Владетельный лорд, владения свои объезжая, стальными шпорами коня мучая, будто медные недостойны ноги его украшать, гордится Словом сильным, богатствами великими, происхождением знатным. А вокруг – голь и нищета, мор и разорение. На большую деревню – один железный нож, до рукояти уже сточенный. Соткет мастерица лорду гобелен невиданной красы, с ликом Сестры, слезами залитым»…
Казалось мне, что писал дерзкий епископ не о придуманной истории, а о реальной. Будто укорял кого-то, не в лицо, а за глаза…

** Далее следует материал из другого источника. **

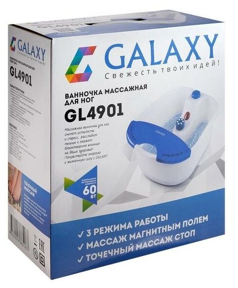 Массажная ванночка для ног GALAXY LINE GL4901 Массажер для стоп и ступней, 3 режима работы, магнитным полем, вибромассаж, точечный, защита от брызг, белый/синий
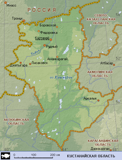 Кустанайская область (географическая карта)
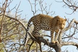 The African leopard is a spotted cat whose tail makes up approximately half of its length. It is widely distributed in sub-Saharan Africa. The leopard is huntable in most African countries where trophy hunting is allowed. Export permits for leopard trophies are governed by CITES. Leopards are solitary animals that occupy rather large territories. Where lions exist, they are known to lodge their prey in trees to avoid losing their kill to a competitor.
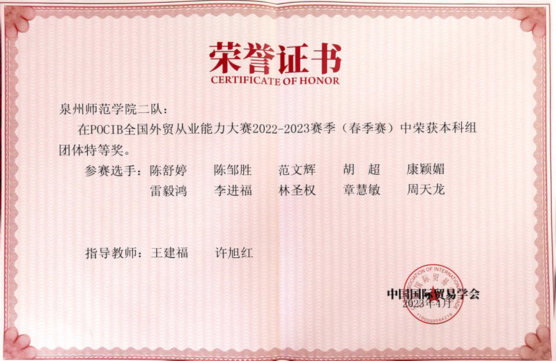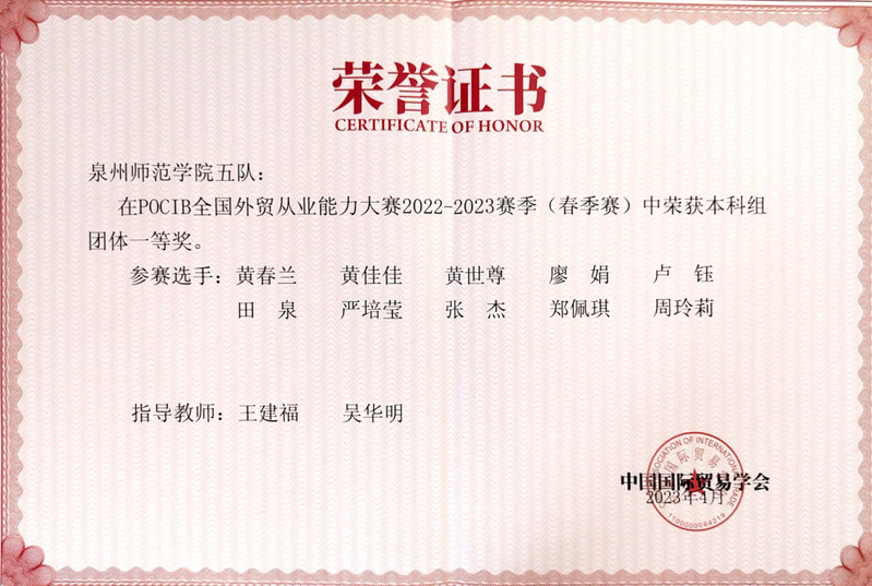 日前,POCIB全国外贸从业能力大赛2022-2023赛季(春季赛)成绩揭晓。在王建福、许旭红、黄身发、吴华明等老师的认真指导下,由陈守仁商学院陈舒婷、陈邹胜、范文辉、胡超、康颖媚、雷毅鸿、李进福、林圣权、章慧敏、周天龙同学组成的英国威廉希尔公司官网二队荣获本科组团体特等奖,由陈丹妮、黄春兰、蔡煊瑜等同学组成的英国威廉希尔公司官网四队、五队、六队,荣获本科组团体一等奖,英国威廉希尔公司官网一队、二队荣获本组团体二等奖。黄佳佳、黄世尊同学荣获个人一等奖,另有8位同学获个人二等奖,35位同学获个人三等奖。范文辉、黄佳佳、方媛、郭青、许甜甜、蔡煊瑜等六位同学同时获得《国际贸易从业技能综合实训合格证书》,王建福、许旭红、黄身发、吴华明等老师分别获得指导教师特等奖、一等奖。这是陈守仁商学院参加该赛事以来取得的历史最好成绩。

«Бросит лорд мастерице ржавую марку, освободит от налога на год, та уж и тому рада. А владетель Слово произнесет, глаз от неба не пряча, лик Сестры в Холод скроет да и поскачет в богатый замок. Понесет конь, сбросит седока да и умрет владетельный лорд, как простой человек. Только вместе с ним и Слово умрет. Исчезнет навсегда образ Сестры красоты небесной, для всех людей сотворенный. Умрут книги древние, где старинная мудрость скрыта, умрут клинки фамильные, доспехи чеканные, щиты вензельные, слитки железные и серебряные. Сядет старший отпрыск на коня да и двинется по ленным владениям, последнее у людей отнимая, славу рода восстанавливая, Искупителя не стыдясь. Для того ли дано было Слово? Несет нас всех норовистый конь, бросает на злой камень. Что камню древность рода и спесь людская?
Неужели и сердца наши из того камня, которому не разум дан, а одна твердость упрямая?
Ведь сказала Сестра Искупителю, в темницу придя: «От меня откажись – не обидишь, а нож возьми»… И ответил Искупитель: «Не подниму стали на людей, не ведающих, что творят, не пролью крови, ибо все в мире виноваты, и все невинны». Спросила Сестра: «Разве душегубцы, веры не знающие, невинны?» Ответил ей Искупитель: «Истинно говорю: даже если кто дюжину убьет, все равно чист передо мной, если покается. В раскаянии святость, в милосердии спасение». Вошла тут в темницу романская стража, дюжина без одного, и командир их сказал: «Знаем мы, что принесли тебе нож, чтобы убил ты нас и бежал из-под суда. Вместе будете побиты камнями, и ты, и сестра твоя названая». И взмолилась тогда Сестра Искупителю: «Убей их, ведь все равно чист будешь, а меня спасешь!» Ответил ей Искупитель: «В милосердии спасение, Сестра, сколько же повторять тебе это, неразумная! Неужели простого слова мало?» Поднял руку с ножом дареным, и»…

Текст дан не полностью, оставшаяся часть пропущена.